What you need to do: From the listing below, output the lines between the one with "Al di sotto" and the one with "(Disney, 1990s) A", including those two, and nothing else. Pictures are not copied.

**** Extracted data ****

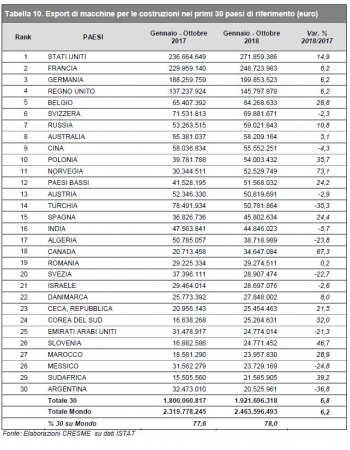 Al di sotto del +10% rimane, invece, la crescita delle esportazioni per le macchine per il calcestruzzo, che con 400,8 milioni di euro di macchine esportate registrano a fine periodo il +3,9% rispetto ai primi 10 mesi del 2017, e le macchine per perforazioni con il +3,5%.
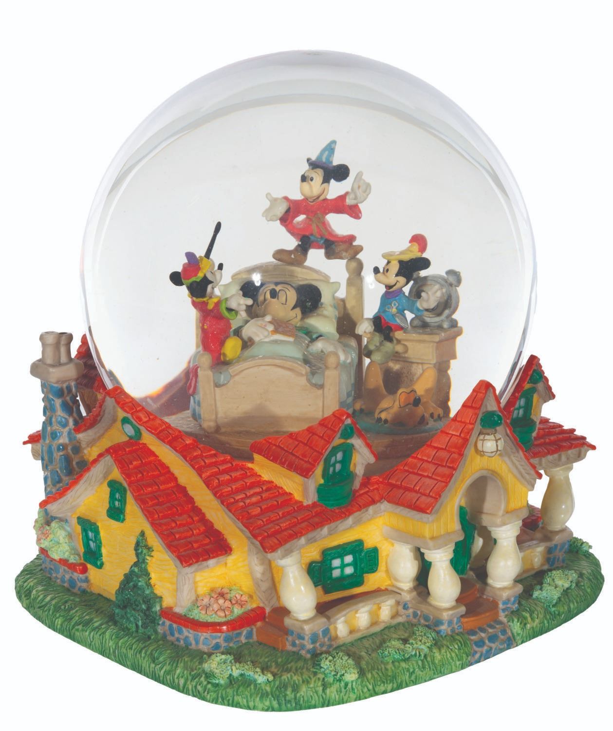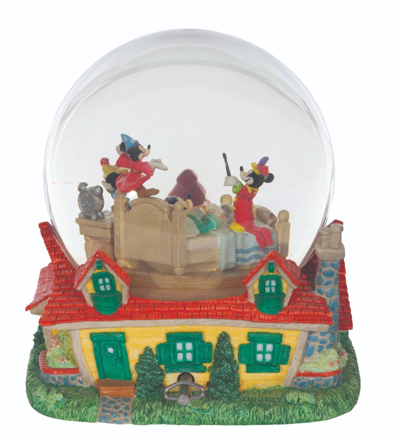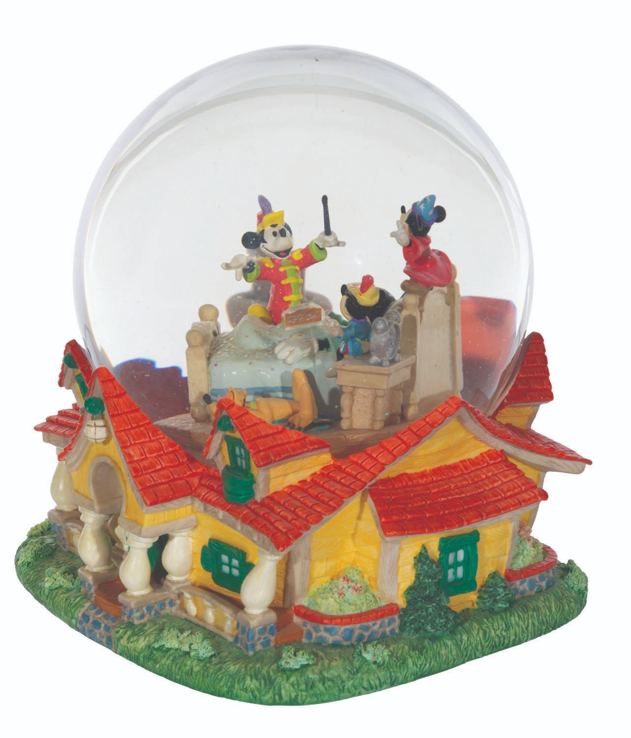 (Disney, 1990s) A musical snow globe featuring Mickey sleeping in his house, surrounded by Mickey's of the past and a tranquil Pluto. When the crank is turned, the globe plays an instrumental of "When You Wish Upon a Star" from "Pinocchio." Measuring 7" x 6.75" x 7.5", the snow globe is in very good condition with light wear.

****
**** Extracted data ****

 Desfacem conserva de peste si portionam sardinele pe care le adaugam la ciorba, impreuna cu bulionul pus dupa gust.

****

Task output:
 Al di sotto del +10% rimane, invece, la crescita delle esportazioni per le macchine per il calcestruzzo, che con 400,8 milioni di euro di macchine esportate registrano a fine periodo il +3,9% rispetto ai primi 10 mesi del 2017, e le macchine per perforazioni con il +3,5%.
 (Disney, 1990s) A musical snow globe featuring Mickey sleeping in his house, surrounded by Mickey's of the past and a tranquil Pluto. When the crank is turned, the globe plays an instrumental of "When You Wish Upon a Star" from "Pinocchio." Measuring 7" x 6.75" x 7.5", the snow globe is in very good condition with light wear.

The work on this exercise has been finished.